____ Provided material
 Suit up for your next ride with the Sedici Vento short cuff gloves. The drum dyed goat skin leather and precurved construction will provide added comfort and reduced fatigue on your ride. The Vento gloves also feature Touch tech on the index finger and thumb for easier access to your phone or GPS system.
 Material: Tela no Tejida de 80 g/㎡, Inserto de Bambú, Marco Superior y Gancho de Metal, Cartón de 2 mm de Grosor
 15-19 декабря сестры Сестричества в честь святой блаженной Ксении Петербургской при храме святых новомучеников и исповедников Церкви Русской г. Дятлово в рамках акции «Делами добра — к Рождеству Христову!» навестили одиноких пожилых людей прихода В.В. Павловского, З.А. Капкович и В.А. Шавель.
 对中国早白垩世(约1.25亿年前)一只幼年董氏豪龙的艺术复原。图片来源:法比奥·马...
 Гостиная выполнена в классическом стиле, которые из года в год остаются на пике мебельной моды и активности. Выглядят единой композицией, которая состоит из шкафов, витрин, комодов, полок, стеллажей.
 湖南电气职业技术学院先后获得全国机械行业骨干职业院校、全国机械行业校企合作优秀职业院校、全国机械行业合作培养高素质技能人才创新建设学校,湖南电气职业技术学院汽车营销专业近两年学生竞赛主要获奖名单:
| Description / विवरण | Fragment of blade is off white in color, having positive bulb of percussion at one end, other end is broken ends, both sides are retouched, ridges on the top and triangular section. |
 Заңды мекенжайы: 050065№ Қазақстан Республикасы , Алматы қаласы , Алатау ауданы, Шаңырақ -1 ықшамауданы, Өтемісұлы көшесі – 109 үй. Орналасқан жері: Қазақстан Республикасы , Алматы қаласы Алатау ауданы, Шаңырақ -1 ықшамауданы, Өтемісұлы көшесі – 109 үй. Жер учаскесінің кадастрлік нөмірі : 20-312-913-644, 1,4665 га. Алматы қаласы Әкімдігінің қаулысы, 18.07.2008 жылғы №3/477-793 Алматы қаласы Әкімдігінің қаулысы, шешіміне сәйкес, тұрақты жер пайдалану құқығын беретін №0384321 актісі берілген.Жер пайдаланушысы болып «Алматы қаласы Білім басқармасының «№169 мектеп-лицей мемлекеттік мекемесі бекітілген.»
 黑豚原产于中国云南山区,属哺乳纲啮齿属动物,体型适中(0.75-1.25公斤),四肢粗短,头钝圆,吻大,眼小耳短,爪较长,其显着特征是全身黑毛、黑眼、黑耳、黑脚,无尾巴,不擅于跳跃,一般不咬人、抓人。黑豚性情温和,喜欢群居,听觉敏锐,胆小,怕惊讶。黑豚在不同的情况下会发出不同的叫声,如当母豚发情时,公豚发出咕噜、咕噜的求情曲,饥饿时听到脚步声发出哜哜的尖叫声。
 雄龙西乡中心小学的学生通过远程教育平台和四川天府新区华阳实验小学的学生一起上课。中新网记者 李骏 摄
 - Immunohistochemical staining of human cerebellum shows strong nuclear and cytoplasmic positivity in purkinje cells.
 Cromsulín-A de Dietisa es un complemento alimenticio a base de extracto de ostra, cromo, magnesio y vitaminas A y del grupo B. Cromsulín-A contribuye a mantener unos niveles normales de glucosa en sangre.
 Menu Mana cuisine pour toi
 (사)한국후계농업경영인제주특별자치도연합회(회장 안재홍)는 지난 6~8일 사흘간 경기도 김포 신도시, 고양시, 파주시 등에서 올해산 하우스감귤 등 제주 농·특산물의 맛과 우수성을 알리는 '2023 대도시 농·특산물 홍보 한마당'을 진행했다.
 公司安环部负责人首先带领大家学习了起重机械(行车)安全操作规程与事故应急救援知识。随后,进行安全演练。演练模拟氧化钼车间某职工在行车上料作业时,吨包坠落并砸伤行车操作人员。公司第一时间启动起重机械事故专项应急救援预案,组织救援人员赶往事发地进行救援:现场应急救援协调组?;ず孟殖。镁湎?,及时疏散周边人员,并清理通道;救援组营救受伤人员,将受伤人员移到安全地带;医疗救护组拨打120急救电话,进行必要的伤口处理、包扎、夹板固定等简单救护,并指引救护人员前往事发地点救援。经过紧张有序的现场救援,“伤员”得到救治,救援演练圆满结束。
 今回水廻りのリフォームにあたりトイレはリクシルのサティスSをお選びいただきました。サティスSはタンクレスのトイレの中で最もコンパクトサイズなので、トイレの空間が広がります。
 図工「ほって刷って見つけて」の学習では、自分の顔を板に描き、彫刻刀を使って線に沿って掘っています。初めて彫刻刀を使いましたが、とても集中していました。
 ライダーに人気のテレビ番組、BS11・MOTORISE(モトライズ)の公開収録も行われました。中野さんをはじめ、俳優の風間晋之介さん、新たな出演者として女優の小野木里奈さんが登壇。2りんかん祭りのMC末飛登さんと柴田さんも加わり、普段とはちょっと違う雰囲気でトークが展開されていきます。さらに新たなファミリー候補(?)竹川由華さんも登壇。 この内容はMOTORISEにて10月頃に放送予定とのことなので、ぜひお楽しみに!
________
→ **Task instructions**
What's wanted is a faithful copy of each entry above.

→ **Result below**
 Suit up for your next ride with the Sedici Vento short cuff gloves. The drum dyed goat skin leather and precurved construction will provide added comfort and reduced fatigue on your ride. The Vento gloves also feature Touch tech on the index finger and thumb for easier access to your phone or GPS system.
 Material: Tela no Tejida de 80 g/㎡, Inserto de Bambú, Marco Superior y Gancho de Metal, Cartón de 2 mm de Grosor
 15-19 декабря сестры Сестричества в честь святой блаженной Ксении Петербургской при храме святых новомучеников и исповедников Церкви Русской г. Дятлово в рамках акции «Делами добра — к Рождеству Христову!» навестили одиноких пожилых людей прихода В.В. Павловского, З.А. Капкович и В.А. Шавель.
 对中国早白垩世(约1.25亿年前)一只幼年董氏豪龙的艺术复原。图片来源:法比奥·马...
 Гостиная выполнена в классическом стиле, которые из года в год остаются на пике мебельной моды и активности. Выглядят единой композицией, которая состоит из шкафов, витрин, комодов, полок, стеллажей.
 湖南电气职业技术学院先后获得全国机械行业骨干职业院校、全国机械行业校企合作优秀职业院校、全国机械行业合作培养高素质技能人才创新建设学校,湖南电气职业技术学院汽车营销专业近两年学生竞赛主要获奖名单:
| Description / विवरण | Fragment of blade is off white in color, having positive bulb of percussion at one end, other end is broken ends, both sides are retouched, ridges on the top and triangular section. |
 Заңды мекенжайы: 050065№ Қазақстан Республикасы , Алматы қаласы , Алатау ауданы, Шаңырақ -1 ықшамауданы, Өтемісұлы көшесі – 109 үй. Орналасқан жері: Қазақстан Республикасы , Алматы қаласы Алатау ауданы, Шаңырақ -1 ықшамауданы, Өтемісұлы көшесі – 109 үй. Жер учаскесінің кадастрлік нөмірі : 20-312-913-644, 1,4665 га. Алматы қаласы Әкімдігінің қаулысы, 18.07.2008 жылғы №3/477-793 Алматы қаласы Әкімдігінің қаулысы, шешіміне сәйкес, тұрақты жер пайдалану құқығын беретін №0384321 актісі берілген.Жер пайдаланушысы болып «Алматы қаласы Білім басқармасының «№169 мектеп-лицей мемлекеттік мекемесі бекітілген.»
 黑豚原产于中国云南山区,属哺乳纲啮齿属动物,体型适中(0.75-1.25公斤),四肢粗短,头钝圆,吻大,眼小耳短,爪较长,其显着特征是全身黑毛、黑眼、黑耳、黑脚,无尾巴,不擅于跳跃,一般不咬人、抓人。黑豚性情温和,喜欢群居,听觉敏锐,胆小,怕惊讶。黑豚在不同的情况下会发出不同的叫声,如当母豚发情时,公豚发出咕噜、咕噜的求情曲,饥饿时听到脚步声发出哜哜的尖叫声。
 雄龙西乡中心小学的学生通过远程教育平台和四川天府新区华阳实验小学的学生一起上课。中新网记者 李骏 摄
 - Immunohistochemical staining of human cerebellum shows strong nuclear and cytoplasmic positivity in purkinje cells.
 Cromsulín-A de Dietisa es un complemento alimenticio a base de extracto de ostra, cromo, magnesio y vitaminas A y del grupo B. Cromsulín-A contribuye a mantener unos niveles normales de glucosa en sangre.
 Menu Mana cuisine pour toi
 (사)한국후계농업경영인제주특별자치도연합회(회장 안재홍)는 지난 6~8일 사흘간 경기도 김포 신도시, 고양시, 파주시 등에서 올해산 하우스감귤 등 제주 농·특산물의 맛과 우수성을 알리는 '2023 대도시 농·특산물 홍보 한마당'을 진행했다.
 公司安环部负责人首先带领大家学习了起重机械(行车)安全操作规程与事故应急救援知识。随后,进行安全演练。演练模拟氧化钼车间某职工在行车上料作业时,吨包坠落并砸伤行车操作人员。公司第一时间启动起重机械事故专项应急救援预案,组织救援人员赶往事发地进行救援:现场应急救援协调组?;ず孟殖。镁湎?,及时疏散周边人员,并清理通道;救援组营救受伤人员,将受伤人员移到安全地带;医疗救护组拨打120急救电话,进行必要的伤口处理、包扎、夹板固定等简单救护,并指引救护人员前往事发地点救援。经过紧张有序的现场救援,“伤员”得到救治,救援演练圆满结束。
 今回水廻りのリフォームにあたりトイレはリクシルのサティスSをお選びいただきました。サティスSはタンクレスのトイレの中で最もコンパクトサイズなので、トイレの空間が広がります。
 図工「ほって刷って見つけて」の学習では、自分の顔を板に描き、彫刻刀を使って線に沿って掘っています。初めて彫刻刀を使いましたが、とても集中していました。
 ライダーに人気のテレビ番組、BS11・MOTORISE(モトライズ)の公開収録も行われました。中野さんをはじめ、俳優の風間晋之介さん、新たな出演者として女優の小野木里奈さんが登壇。2りんかん祭りのMC末飛登さんと柴田さんも加わり、普段とはちょっと違う雰囲気でトークが展開されていきます。さらに新たなファミリー候補(?)竹川由華さんも登壇。 この内容はMOTORISEにて10月頃に放送予定とのことなので、ぜひお楽しみに!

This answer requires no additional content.